Just let me know what I need to elaborate on or to upload any files you need to view like: the mini-Pascal grammar, my lex file, my bison file, my symbol table, code generator, etc.

Thanks in advance,

-Krysis09

Edited 3 Years Ago by happygeek: fixed formatting

This is no GoExpert, yet we do "have a clue".
So, what is your question?

Heh, sorry for the slip up there... anyway, on to my question. I've been referencing Anthony A. Aaby's book: Compiler Construction using Flex and Bison at the following link: Aaby's Book

I am at the point in my compiler creation at which I need to modify my parser file (.y file) to both install and generate code/labels for the grammar (pg. 38 in Aaby's book) for the subset the Pascal language... but, I'm confused as to how to go about it. More specifically, I don't understand WHEN to "install" identifiers, generate code, or, as Aaby put it, "content_check" identifiers in the grammar. I tried starting on doing my calls to install and gen_code, but I doubt I'm doing it correctly...

Install, gen_code(), and context_check() are all methods described by Mr.
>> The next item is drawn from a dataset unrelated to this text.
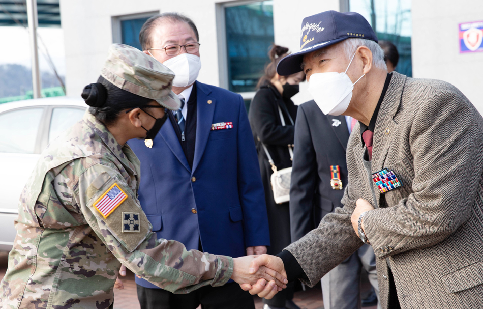 이날 애구언 로메인 엠 대대장은 참전용사와 양손을 맞잡으며 감사 인사를 전하고 건강관리에 각별히 유의할 것을 당부했다.
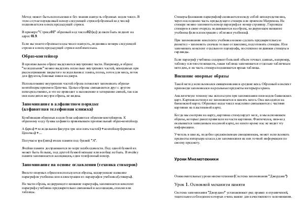 Метод может быть использован и без знания наизусть образных кодов чисел. В этом случае порядковый номер следующей строки( образный код числа) подшивается в конец предыдущей строки.

Aaby which:
1. Place a symbol into the symbol table
2. Generate the code for a particular terminal symbol (I think!)
and
3. Check whether a particular symbol exists in the symbol table... (or something to that effect).

Here are the methods I've written (basically based off of Aaby's methods) to install, generate code, and check the context of symbols of the grammar:

install( char *sym_name )
{
        symrec *s;

        s = lookup( sym_name );
        if(s == 0)
                s = insert(sym_name);
        else
        {
                errors++;
                printf( "%s is already defined\n", sym_name );
        }
}

context_check( enum code_ops operation, char *sym_name )
{
        symrec *identifier;

        identifier = lookup( sym_name );

        if( identifier == 0 )
        {
                errors++;
                printf( "%s", sym_name );
                printf( "%s\n", " is an undeclared identifier." );
        }
        else
                gen_code( operation, identifer->offset );
}
/* Generates code at the current offset */
void gen_code( enum code_ops operation, int arg )
{
        code[code_offset].op = operation;
        code[code_offset++].arg = arg;
}

Where insert and lookup() are methods in my symbol table header file that inserts a new symbol and looks up a symbol name in the symbol table (respectively).

Attached is my .y file and the grammar for the subset of Pascal that I'll be creating the compiler for.

Hopefully, I've explained myself well enough.

EDIT: Symtab.h contains my symbol table, codeGen.h = code generator, stackMachine = contains instructions, pascalScanner = lex file, pascalParser = parser (Bison/YACC) file, pascalGrammar = actual Pascal grammar.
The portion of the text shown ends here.